EXERCISE AIM: No pictures, please: print exactly the lines from the one that contains "Environmental Risk Management Group" through the last line of the listing.

DATA PROVIDED:
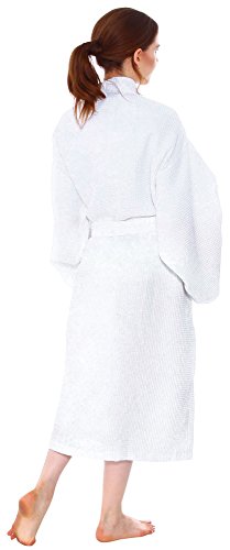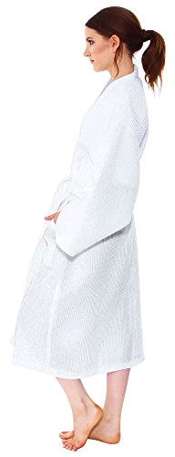 SIMPLICITY MEN / WOMEN COTTON LIGHTWEIGHT WAFFLE KIMONO BATH ROBE, WHITE
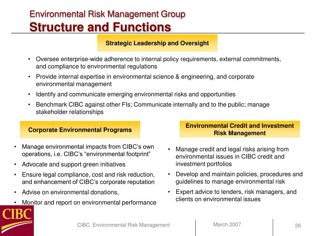 Environmental Risk Management Group • Oversight responsibility for Environmental Management at CIBC • Oversight of adherence to CIBC environmental policy and other environmental requirements and commitments • Corporate environmental footprint • Environmental credit risk management • Established in 1992 as part of TRM, Corporate Risk and Insurance Services • Originally driven by enactment of environmental legislation in Canada and the U.S. in the early 1990s that raised the possibility of significant credit and legal risk to banks associated with lending activities • Three full-time permanent staff: • Sandra Odendahl, Senior Director • Tony Basson, Senior Manager • Bill Christmas, Senior Manager CIBC Environmental Risk Management
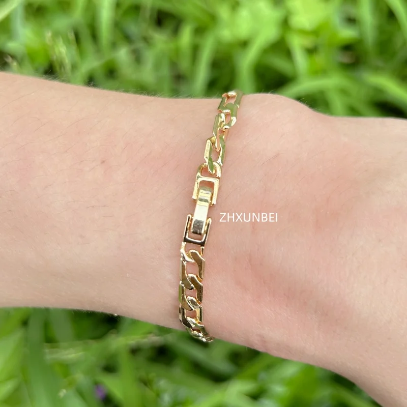 Pulseras chapadas en oro de 14K para mujer, cadena Figaro de cobre mexicano, joy

TASK RESULT:
 Environmental Risk Management Group • Oversight responsibility for Environmental Management at CIBC • Oversight of adherence to CIBC environmental policy and other environmental requirements and commitments • Corporate environmental footprint • Environmental credit risk management • Established in 1992 as part of TRM, Corporate Risk and Insurance Services • Originally driven by enactment of environmental legislation in Canada and the U.S. in the early 1990s that raised the possibility of significant credit and legal risk to banks associated with lending activities • Three full-time permanent staff: • Sandra Odendahl, Senior Director • Tony Basson, Senior Manager • Bill Christmas, Senior Manager CIBC Environmental Risk Management
 Pulseras chapadas en oro de 14K para mujer, cadena Figaro de cobre mexicano, joy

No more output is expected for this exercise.